TASK STATEMENT: Your copy should begin with the line containing "chanel Cambon hobo", end with the line containing "Our Everett slim-straight", match the listing below exactly, and contain no pictures.

----- EXTRACTED DATA -----

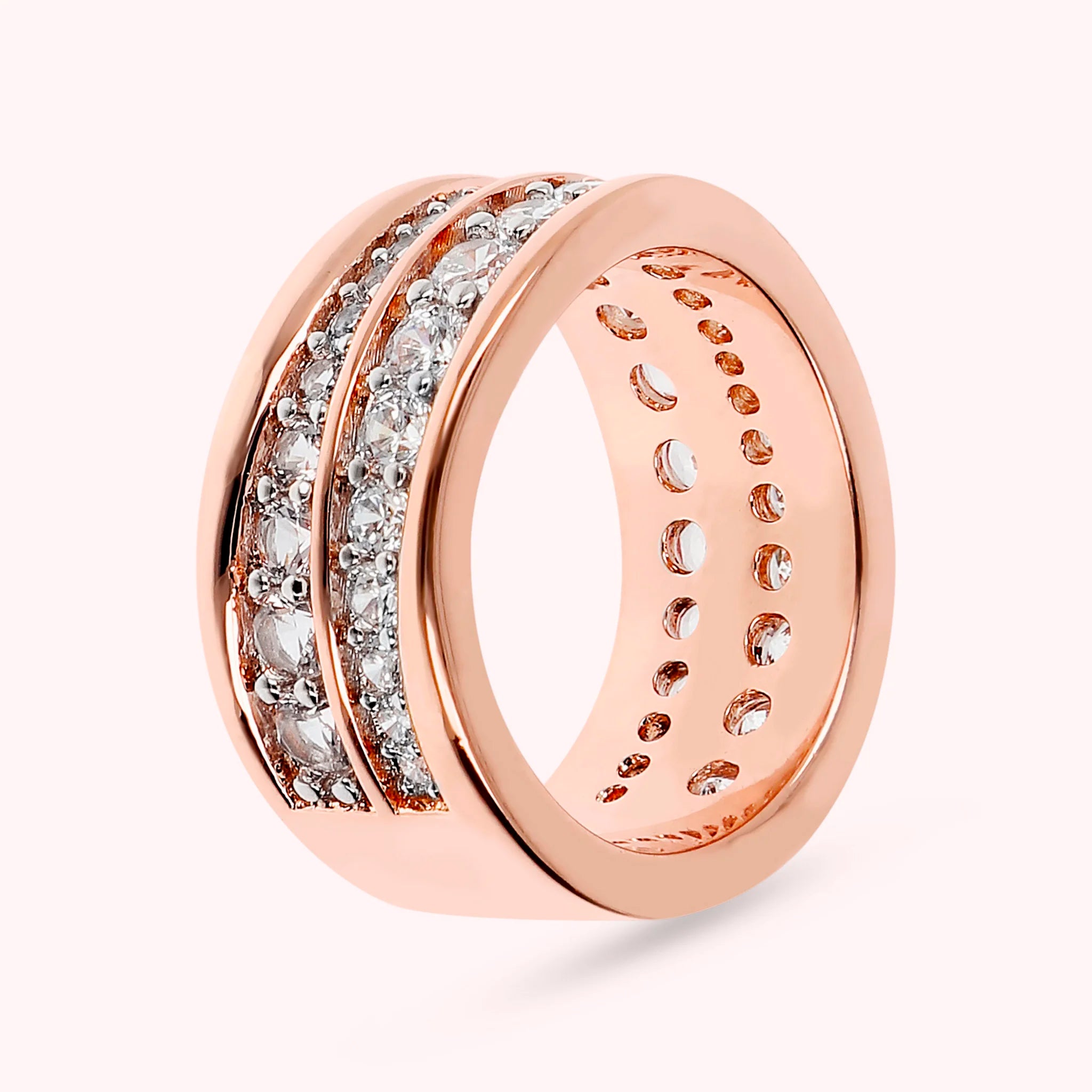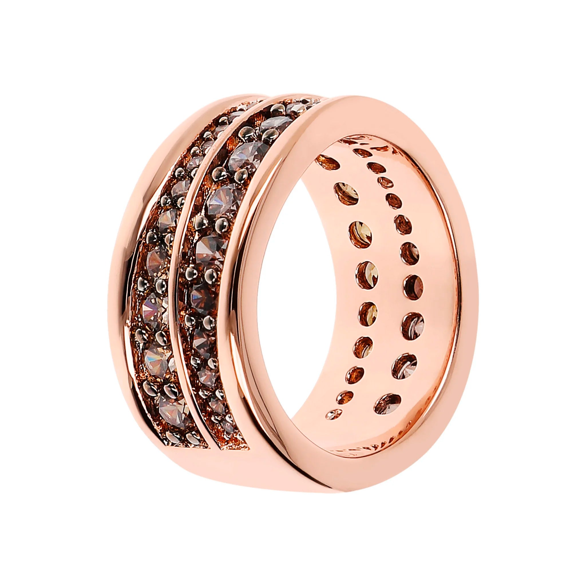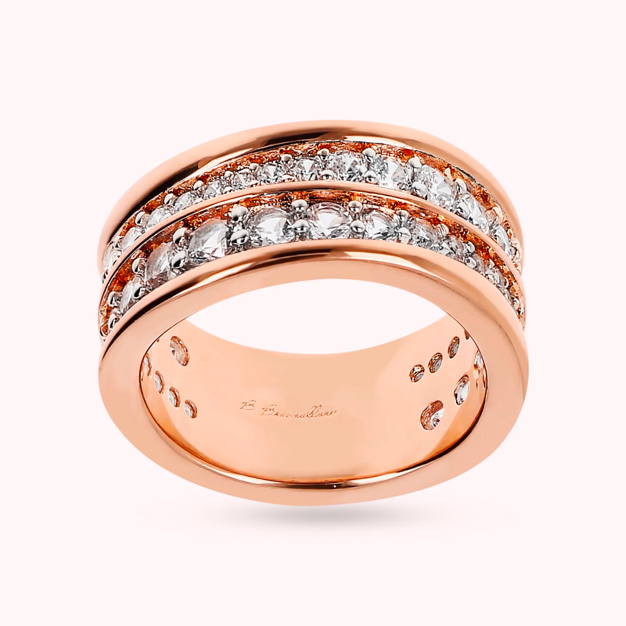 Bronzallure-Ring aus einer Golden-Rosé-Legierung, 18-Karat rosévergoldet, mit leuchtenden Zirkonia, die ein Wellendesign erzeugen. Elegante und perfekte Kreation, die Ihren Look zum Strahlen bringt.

-----
----- EXTRACTED DATA -----

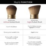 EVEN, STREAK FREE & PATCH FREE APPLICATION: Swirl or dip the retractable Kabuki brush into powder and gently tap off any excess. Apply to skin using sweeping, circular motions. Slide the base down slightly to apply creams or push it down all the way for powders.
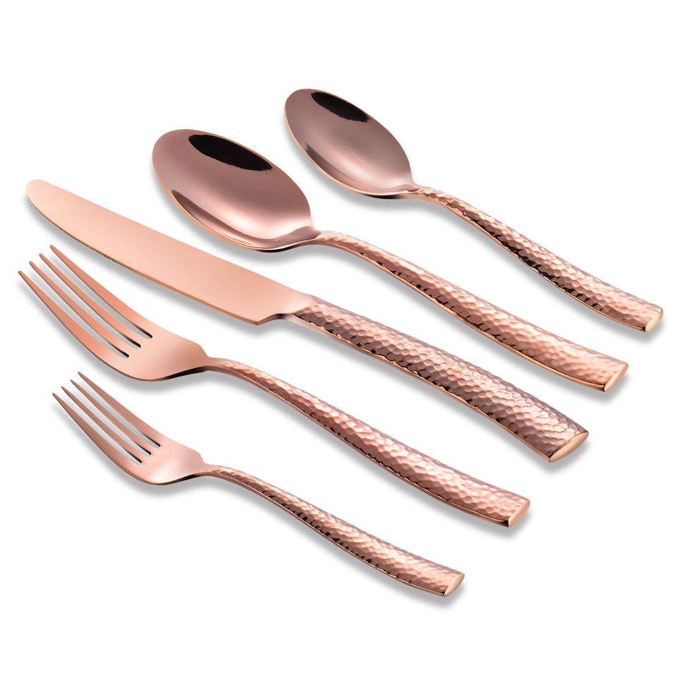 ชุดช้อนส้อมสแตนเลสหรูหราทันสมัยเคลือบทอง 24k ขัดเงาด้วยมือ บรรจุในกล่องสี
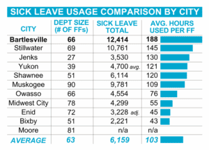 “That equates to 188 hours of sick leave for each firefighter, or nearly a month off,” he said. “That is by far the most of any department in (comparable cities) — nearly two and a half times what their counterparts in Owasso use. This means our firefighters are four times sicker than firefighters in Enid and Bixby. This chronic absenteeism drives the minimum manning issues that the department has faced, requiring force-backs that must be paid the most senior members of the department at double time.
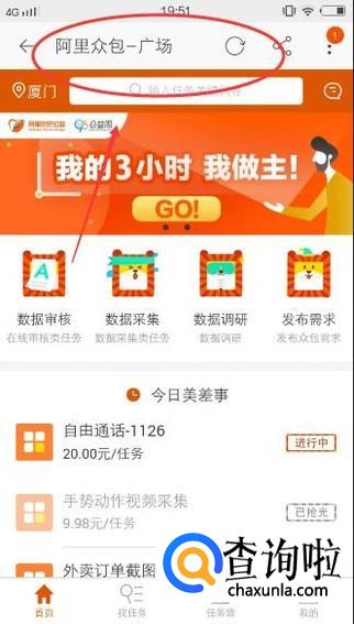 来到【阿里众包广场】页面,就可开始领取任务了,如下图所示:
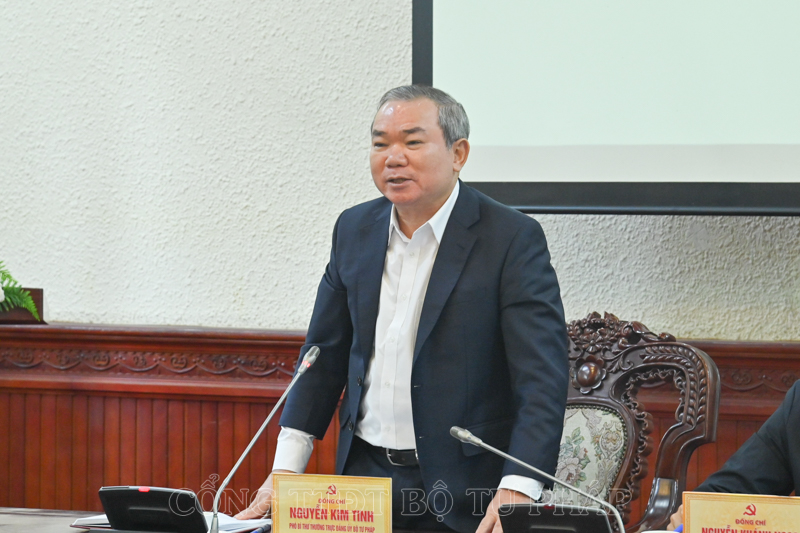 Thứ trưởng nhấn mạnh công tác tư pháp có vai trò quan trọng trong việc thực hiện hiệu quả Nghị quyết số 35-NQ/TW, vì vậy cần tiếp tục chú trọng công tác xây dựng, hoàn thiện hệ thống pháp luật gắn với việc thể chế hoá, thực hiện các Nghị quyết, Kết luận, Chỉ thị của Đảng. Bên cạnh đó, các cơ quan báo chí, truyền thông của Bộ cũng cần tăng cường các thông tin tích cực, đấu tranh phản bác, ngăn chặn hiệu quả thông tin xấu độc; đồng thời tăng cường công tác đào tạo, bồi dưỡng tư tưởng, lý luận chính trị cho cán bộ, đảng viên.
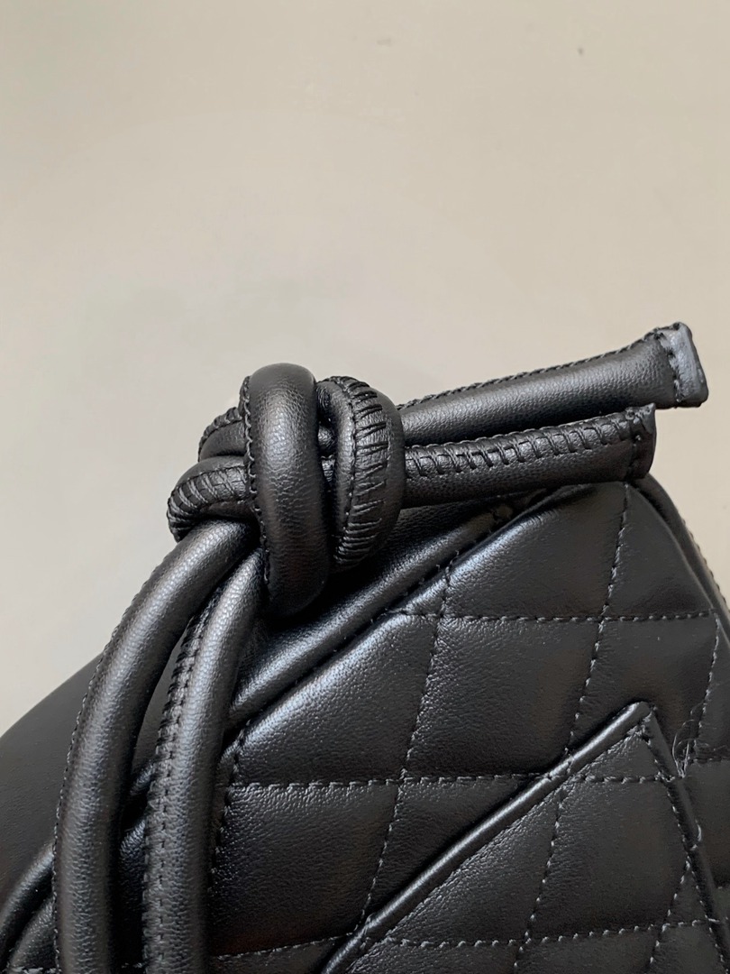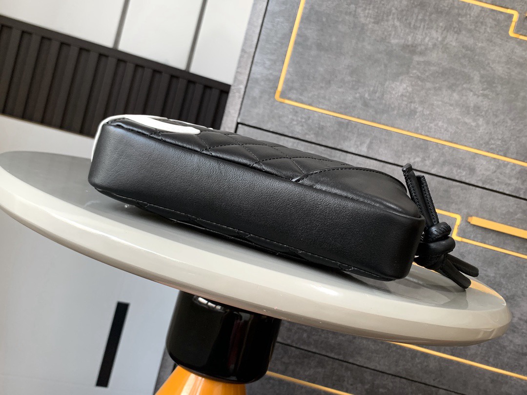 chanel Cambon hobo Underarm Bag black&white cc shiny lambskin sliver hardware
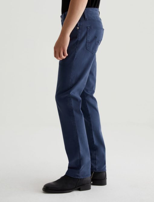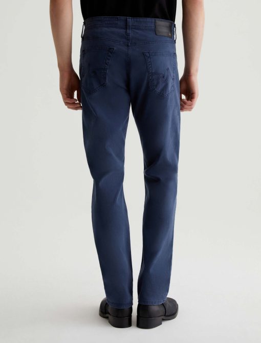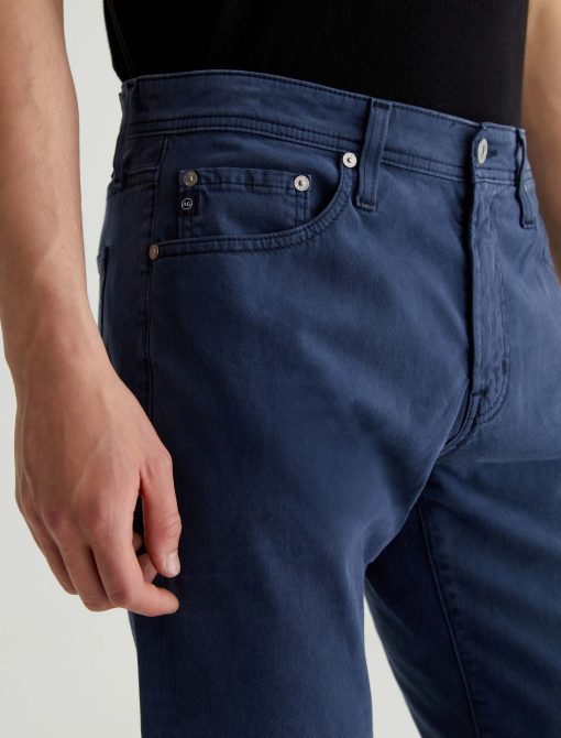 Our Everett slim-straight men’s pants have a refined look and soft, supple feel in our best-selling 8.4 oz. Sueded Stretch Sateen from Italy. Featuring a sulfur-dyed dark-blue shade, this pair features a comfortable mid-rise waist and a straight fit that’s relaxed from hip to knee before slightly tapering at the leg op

-----

TASK ANSWER:
 chanel Cambon hobo Underarm Bag black&white cc shiny lambskin sliver hardware
 Our Everett slim-straight men’s pants have a refined look and soft, supple feel in our best-selling 8.4 oz. Sueded Stretch Sateen from Italy. Featuring a sulfur-dyed dark-blue shade, this pair features a comfortable mid-rise waist and a straight fit that’s relaxed from hip to knee before slightly tapering at the leg op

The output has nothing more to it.